## Task
Leaving every picture out, repeat all of the entries below exactly.

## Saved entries

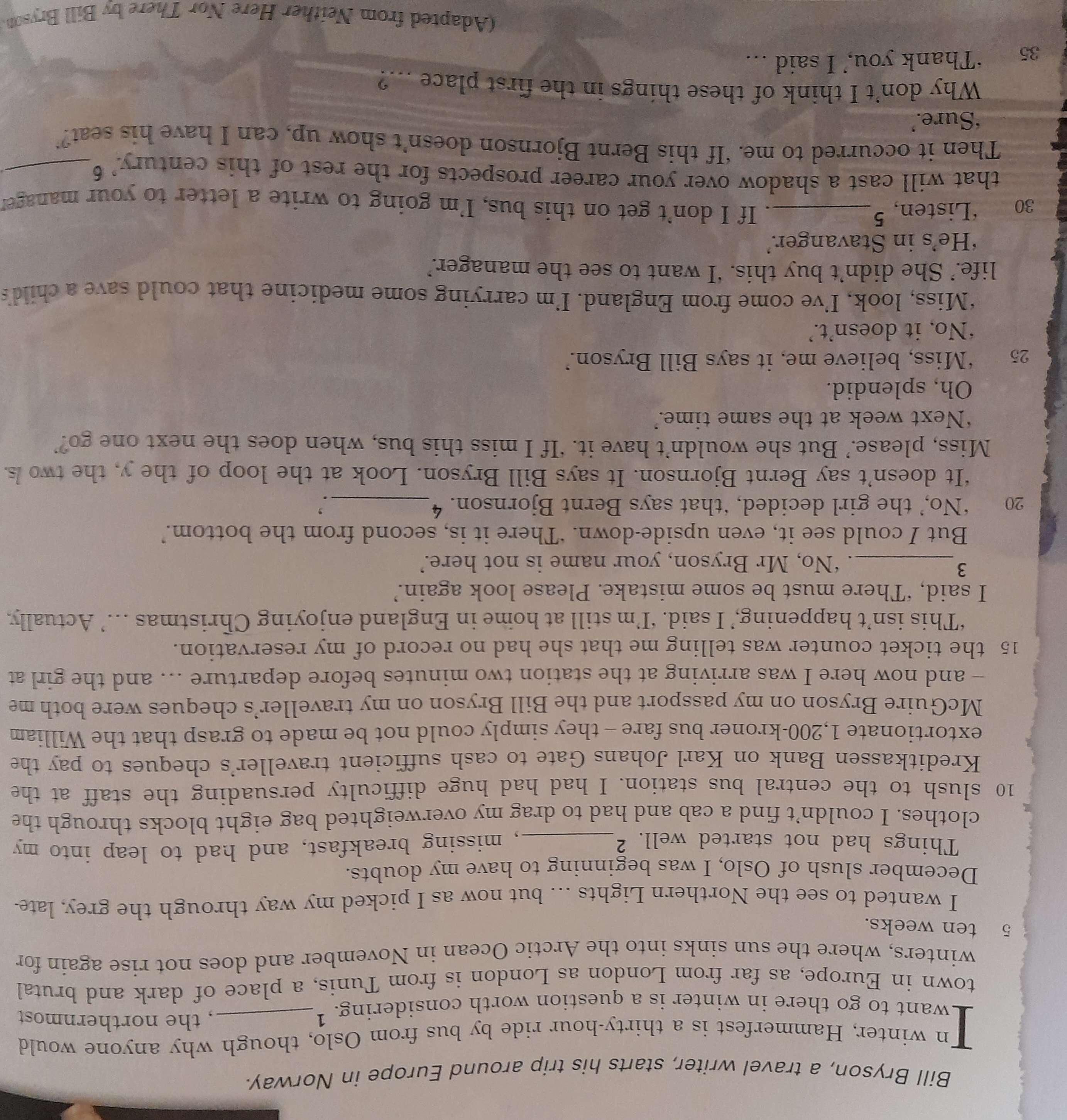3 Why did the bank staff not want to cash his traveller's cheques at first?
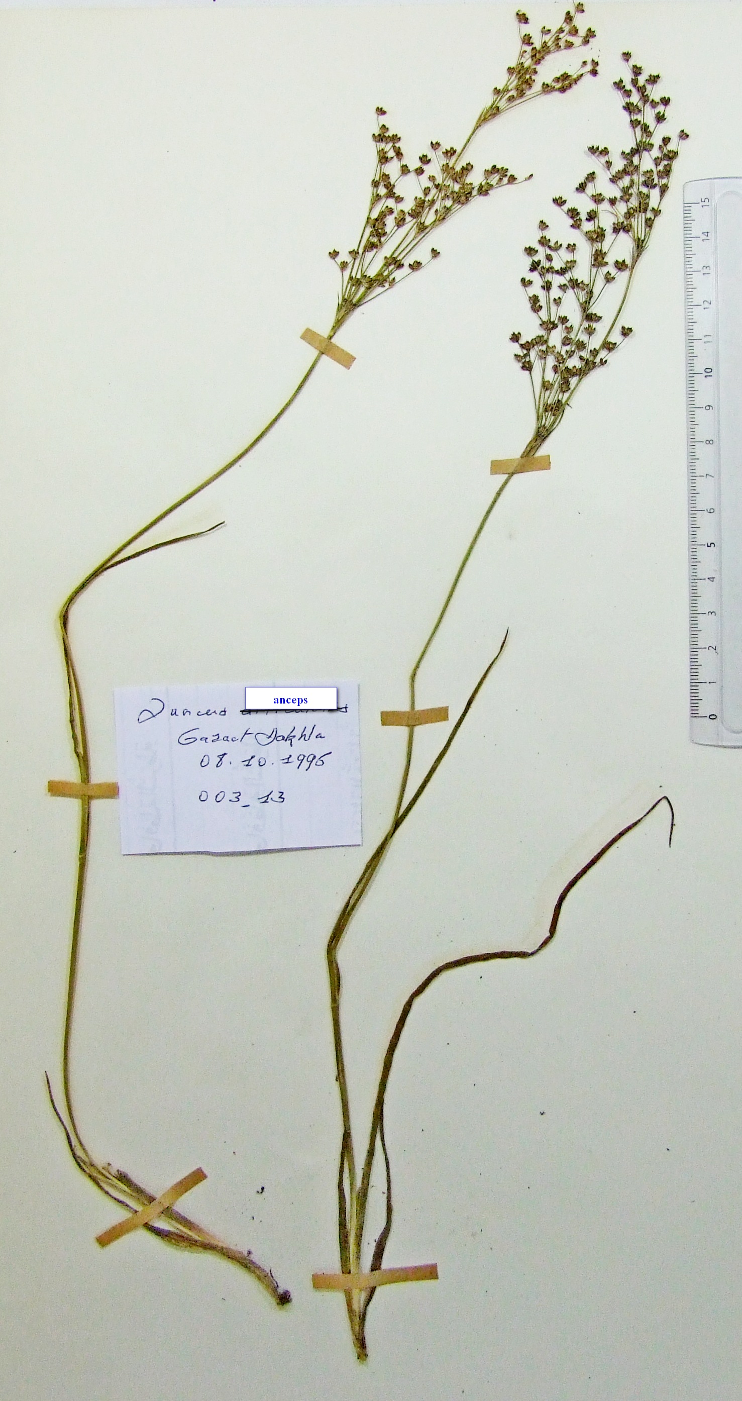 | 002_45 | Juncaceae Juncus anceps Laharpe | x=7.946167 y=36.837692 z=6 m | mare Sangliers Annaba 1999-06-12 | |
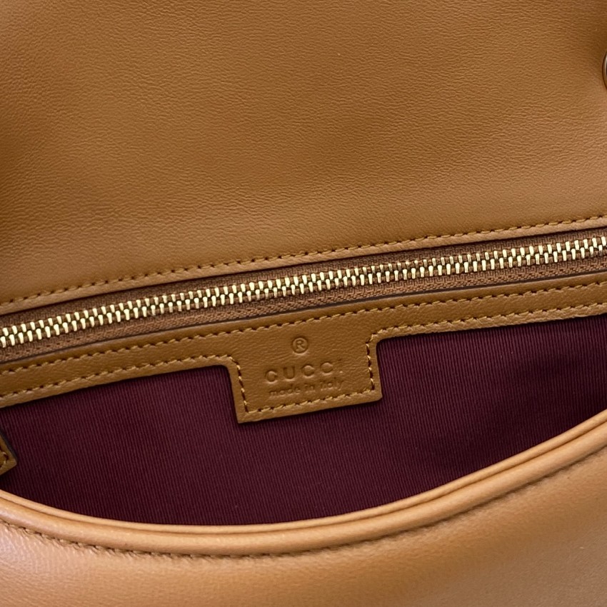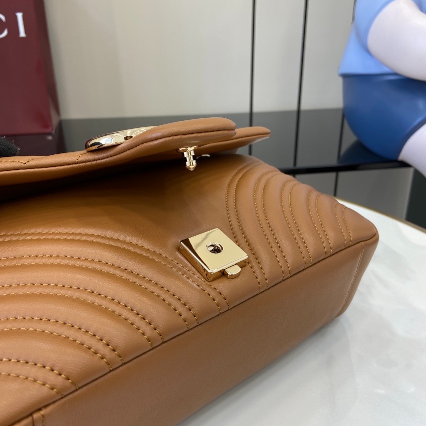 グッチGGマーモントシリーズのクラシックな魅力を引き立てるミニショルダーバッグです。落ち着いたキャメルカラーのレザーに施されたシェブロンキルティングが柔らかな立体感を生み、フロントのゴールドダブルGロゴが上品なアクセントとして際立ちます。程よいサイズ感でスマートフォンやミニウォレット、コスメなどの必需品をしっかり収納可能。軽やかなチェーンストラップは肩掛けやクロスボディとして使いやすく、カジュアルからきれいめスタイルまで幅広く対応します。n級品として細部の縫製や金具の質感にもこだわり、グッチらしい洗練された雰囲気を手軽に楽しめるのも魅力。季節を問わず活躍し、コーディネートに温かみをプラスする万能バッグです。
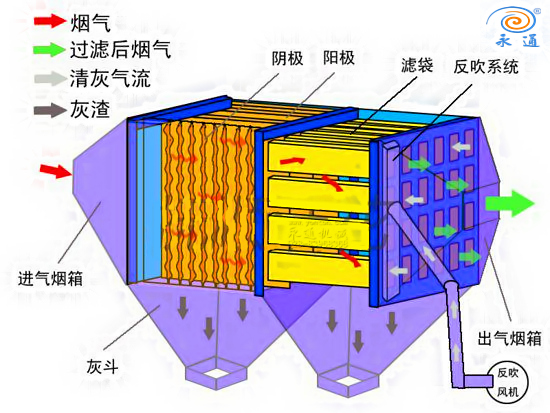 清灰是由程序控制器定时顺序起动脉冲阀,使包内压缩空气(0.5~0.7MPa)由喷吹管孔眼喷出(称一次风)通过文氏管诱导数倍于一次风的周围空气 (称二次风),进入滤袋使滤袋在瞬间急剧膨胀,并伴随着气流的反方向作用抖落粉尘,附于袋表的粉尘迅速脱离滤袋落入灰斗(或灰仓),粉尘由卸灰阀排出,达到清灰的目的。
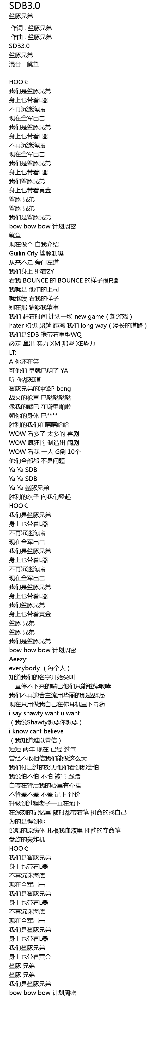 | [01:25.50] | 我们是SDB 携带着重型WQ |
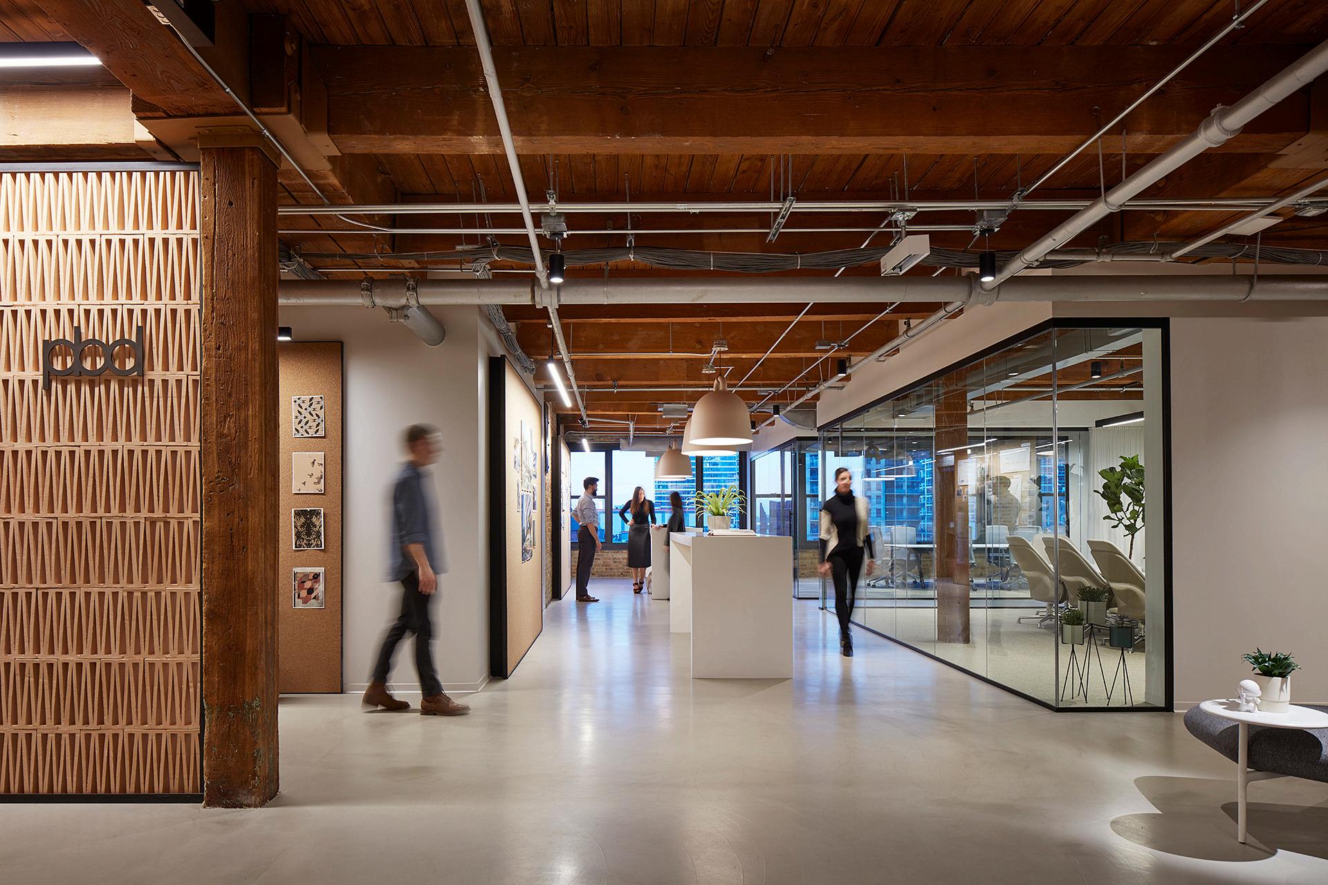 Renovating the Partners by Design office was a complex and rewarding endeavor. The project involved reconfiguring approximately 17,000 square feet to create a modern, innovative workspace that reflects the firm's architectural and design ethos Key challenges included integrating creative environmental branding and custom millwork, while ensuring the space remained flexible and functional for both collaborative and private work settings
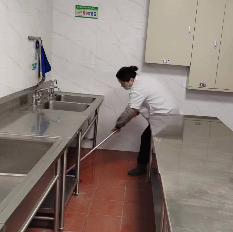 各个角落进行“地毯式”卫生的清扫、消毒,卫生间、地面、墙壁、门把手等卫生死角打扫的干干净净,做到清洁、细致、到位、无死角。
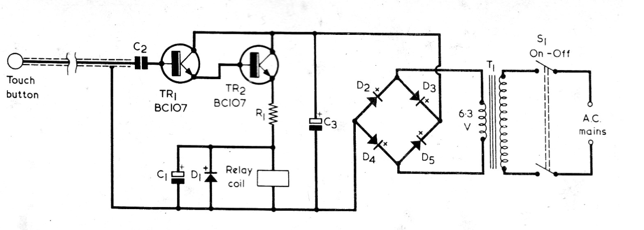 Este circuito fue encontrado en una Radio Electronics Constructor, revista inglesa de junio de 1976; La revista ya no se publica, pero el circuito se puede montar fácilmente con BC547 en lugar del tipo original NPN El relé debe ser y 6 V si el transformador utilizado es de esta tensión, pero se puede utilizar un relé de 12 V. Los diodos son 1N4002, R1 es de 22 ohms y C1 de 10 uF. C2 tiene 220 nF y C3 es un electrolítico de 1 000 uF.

## Answer space
3 Why did the bank staff not want to cash his traveller's cheques at first?
 | 002_45 | Juncaceae Juncus anceps Laharpe | x=7.946167 y=36.837692 z=6 m | mare Sangliers Annaba 1999-06-12 | |
 グッチGGマーモントシリーズのクラシックな魅力を引き立てるミニショルダーバッグです。落ち着いたキャメルカラーのレザーに施されたシェブロンキルティングが柔らかな立体感を生み、フロントのゴールドダブルGロゴが上品なアクセントとして際立ちます。程よいサイズ感でスマートフォンやミニウォレット、コスメなどの必需品をしっかり収納可能。軽やかなチェーンストラップは肩掛けやクロスボディとして使いやすく、カジュアルからきれいめスタイルまで幅広く対応します。n級品として細部の縫製や金具の質感にもこだわり、グッチらしい洗練された雰囲気を手軽に楽しめるのも魅力。季節を問わず活躍し、コーディネートに温かみをプラスする万能バッグです。
 清灰是由程序控制器定时顺序起动脉冲阀,使包内压缩空气(0.5~0.7MPa)由喷吹管孔眼喷出(称一次风)通过文氏管诱导数倍于一次风的周围空气 (称二次风),进入滤袋使滤袋在瞬间急剧膨胀,并伴随着气流的反方向作用抖落粉尘,附于袋表的粉尘迅速脱离滤袋落入灰斗(或灰仓),粉尘由卸灰阀排出,达到清灰的目的。
 | [01:25.50] | 我们是SDB 携带着重型WQ |
 Renovating the Partners by Design office was a complex and rewarding endeavor. The project involved reconfiguring approximately 17,000 square feet to create a modern, innovative workspace that reflects the firm's architectural and design ethos Key challenges included integrating creative environmental branding and custom millwork, while ensuring the space remained flexible and functional for both collaborative and private work settings
 各个角落进行“地毯式”卫生的清扫、消毒,卫生间、地面、墙壁、门把手等卫生死角打扫的干干净净,做到清洁、细致、到位、无死角。
 Este circuito fue encontrado en una Radio Electronics Constructor, revista inglesa de junio de 1976; La revista ya no se publica, pero el circuito se puede montar fácilmente con BC547 en lugar del tipo original NPN El relé debe ser y 6 V si el transformador utilizado es de esta tensión, pero se puede utilizar un relé de 12 V. Los diodos son 1N4002, R1 es de 22 ohms y C1 de 10 uF. C2 tiene 220 nF y C3 es un electrolítico de 1 000 uF.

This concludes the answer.